Monday, October 11, 2010

Time keeps on slippin slippin slippin into the future...

The fifth floor of the library here at UVU is a lovely place to study. I have a few spots on this campus that I find conducive to getting the academic juices flowing, the library is my GO-TO spot. Down stairs in the lunch table/cafe' area is a good one because it provides enough ambient noise that I don't get distracted by or hyper focused on minute noises... like my own breathing. There's also the second floor of the library at the top of the ramp, the tables and seating there are great and there's plenty of sun light. The sunlight at times can be quite annoying though depending on where your sitting and if you're on your computer. If you're sitting in the cafe area at about 3 or 4 in the afternoon then you're going to be bombarded with sun DIRECTLY shining on your computer screen making it very difficult to see what you're working on. However the heat balances out the freezing cold temperature UVU has dictated that the library must maintain at all times regardless of the outside temperature. For a while I tried studying on the 4th floor or the library but found out quickly that 55 degrees was just far too cold for me to be able to concentrate properly. Also it's so dang quiet there that the tap tap tap of my laptop key board is so loud I feel like I might as well be banging on a marching band type drum... I feel as though everyone is secretly harboring feelings of animosity because my typing is so loud, I guess I could do my facebooking in a not so studious part of the library.
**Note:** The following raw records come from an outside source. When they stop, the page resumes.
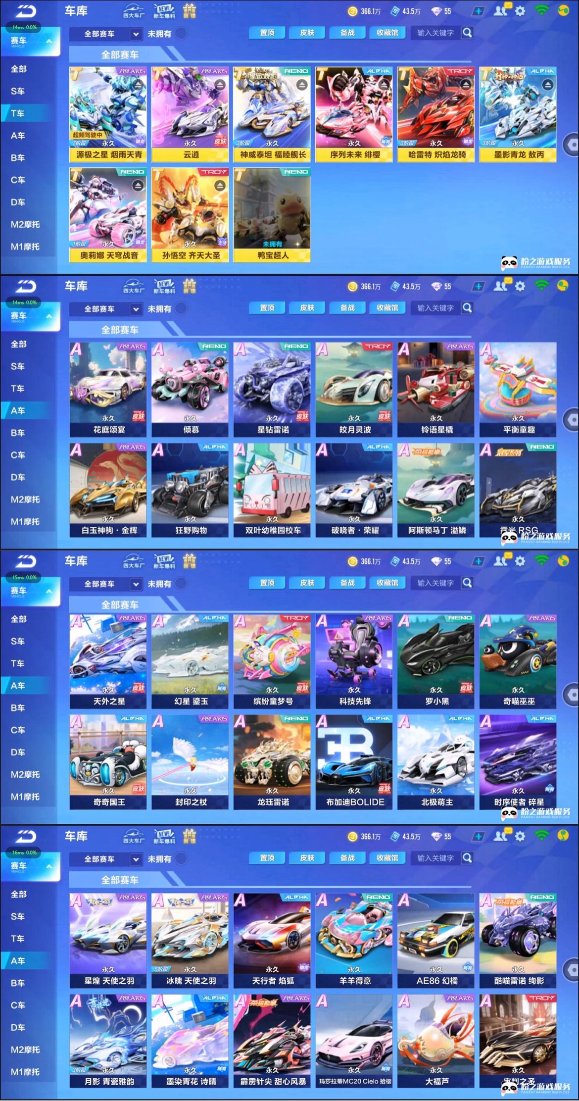 【A车】倾慕/铃语星橇/平衡童趣/星钻雷诺/花庭颂宴/皎月灵波/白玉神驹·金辉/狂野购物/双叶幼稚园校车/破晓者·荣耀/阿斯顿马丁/霆光 RSG/
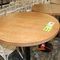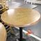 3 X ROUND COMMERCIAL BAR TABLES. WOODGRAIN LOOK FIBERGLASS TOP WITH BLACK METAL BASES, DIAM 800MM, HEIGHT 1140MM. MINOR WEAR AND TEAR. 1 SMALL HOLE ON 1 TABLE TOP
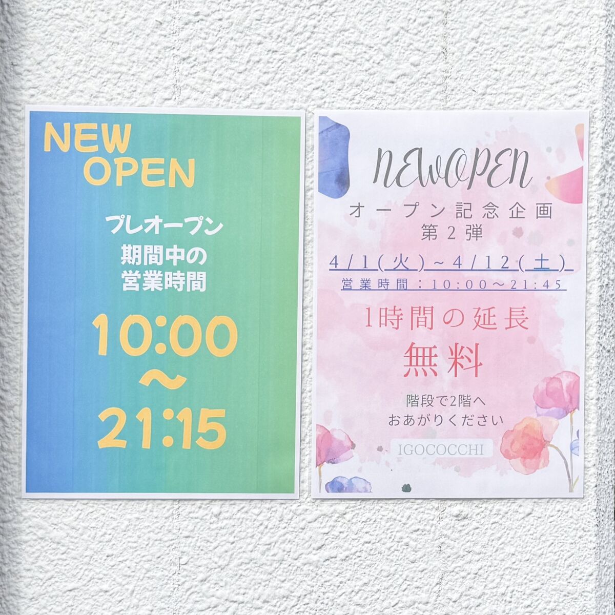 Instagramによると、3月27日(木)、28日(金)、31日(月)の3日間はプレオープン。4月1日(火)~4月12日(土)はオープン記念企画第2弾でキャンペーンをやっているそうです。
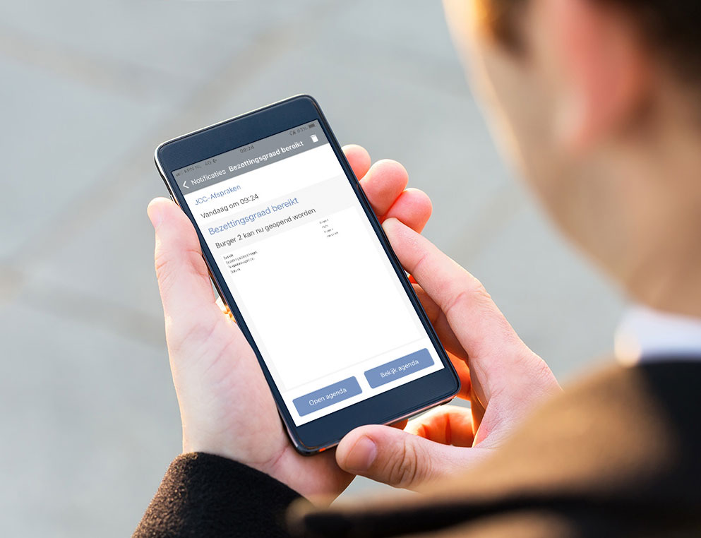 Met JCC-Assistent krijg je binnen JCC-Afspraken notificaties op jouw desktop of mobiele apparaten zodat je op basis hiervan beslissingen kunt nemen. Denk hierbij aan het openstellen van een extra agenda.
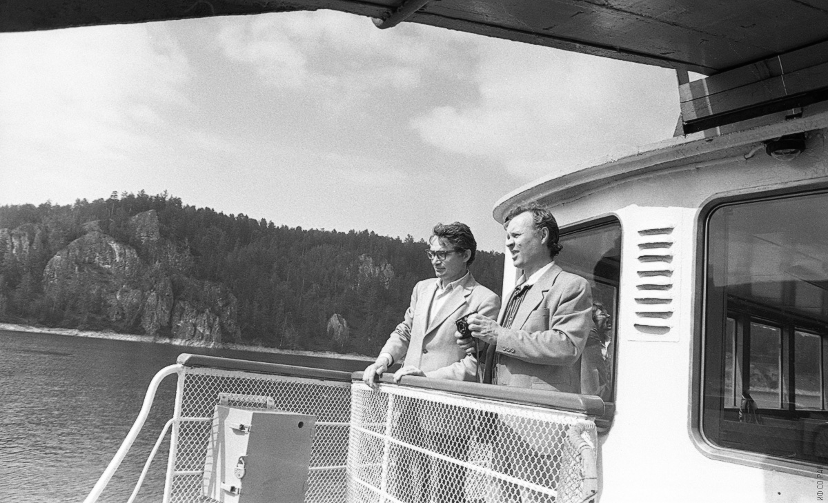 Шабанов В.Ф., директор Специального конструкторско - технологического бюро "Наука" Красноярского научного центра (слева) и Хрусталев Б.П., заместитель директора по научной работе Института физики, участники второго семинара «Резонансные, нелинейные, оптические процессы в газах», организованного и проведенного Институтом физики им. Л.В. Киренского Сибирского отделения Академии наук СССР в 1986 году в Дивногорске (город на Енисее под Красноярском). Рейсовый теплоход Красноярск - Дивногорск.
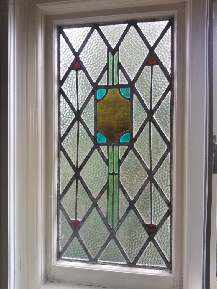 We have been working offsite this week on some in-situ repairs to a series of 1950s stained glass windows. The residential home has bay windows each with feature leaded panels and stained glass top lights. Most of the decorative panels contain some unique handmade mouth-blown coloured glass.
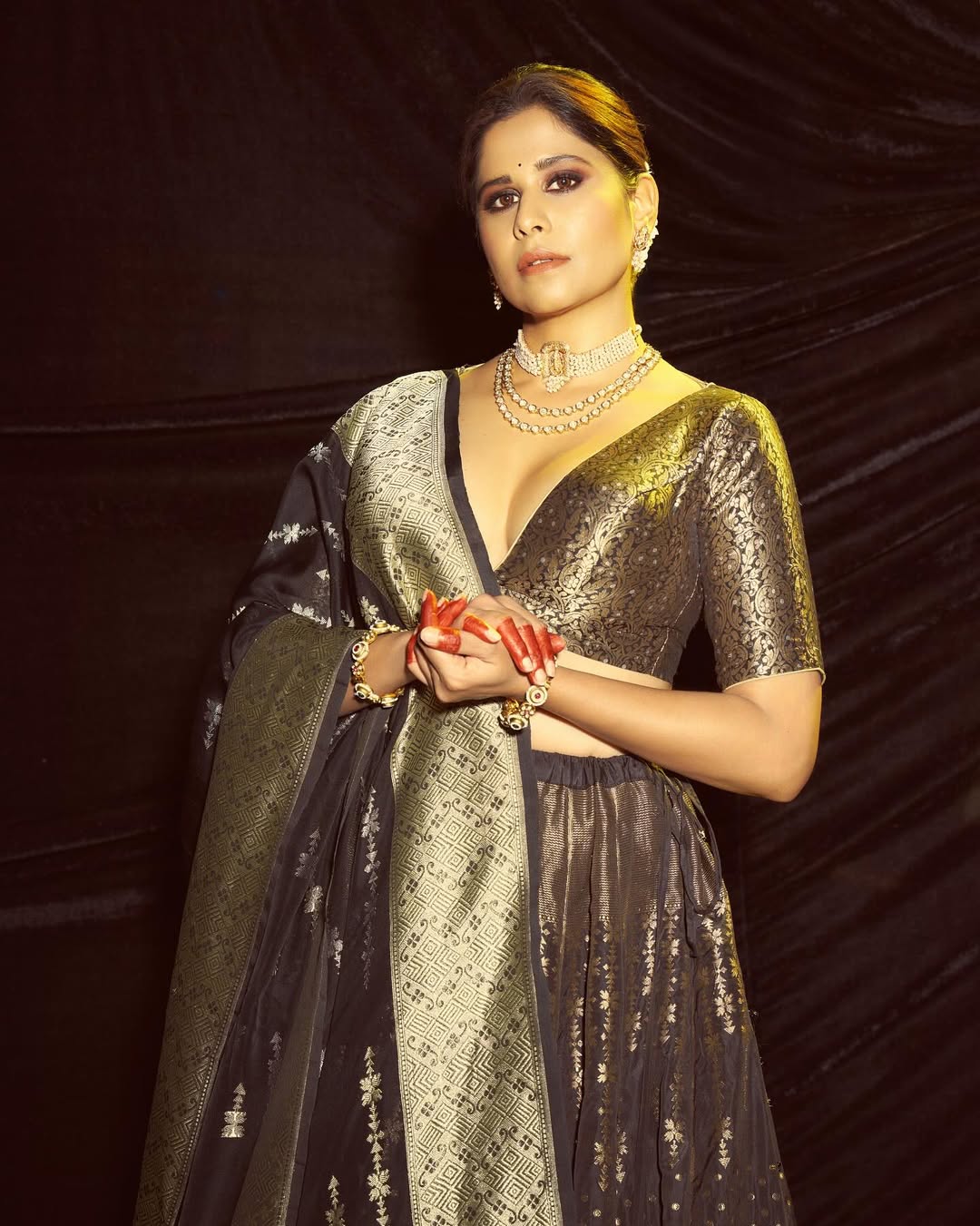 काळ्या आणि सोनेरी रंगाच्या आकर्षक लेहंग्यात दिसली सई

The fourth floor is designated strictly for those doing homework via paper. So here I sit on the 5th floor, I feel like Goldy Locks, I've found my not too hot, not too cold, just right study spot. Plus the view of the lake from up here is kinda nice too.
I've been restless lately, I feel like there is something bothering me but I can't really pin point what. It could be partly because I'm feeling more and more disconnected with my ward, which is probably my fault but I find it difficult to relate to or develop close friendships with people who've JUST graduated high school. Lately I've been wanting more and more to have an apartment to myself, no roommates, just me. Not that I don't like my roommates but I just kinda want my own space to govern as a dictatorship and not live in a democracy. Just me and my puppy Duchess in a place where I can have things just the way I like it. Knowing me though I'd probably get lonely really quick and want someone else living there just so I wouldn't get bored. Who knows maybe I'm just feeling reclusive lately and need a change of pace to shake things up... now that I think about it I could definitely use a good shaking, I am willing to accept offers from handsome fellas for the task at hand!
I'm feeling the time crunch of an impending 8 page paper... of course I've waited till the last minute to work on it. I tell myself every semester that I will get ahead and do everything before hand annnnnnnd it never happens. GRRRRR I'm trying to change habits of procrastination but I just keep putting it off. Maybe someday I'll be super girl getting things done ahead of time. But for now the clock is ticking down and I've got 8 pages of personality profiling to fill.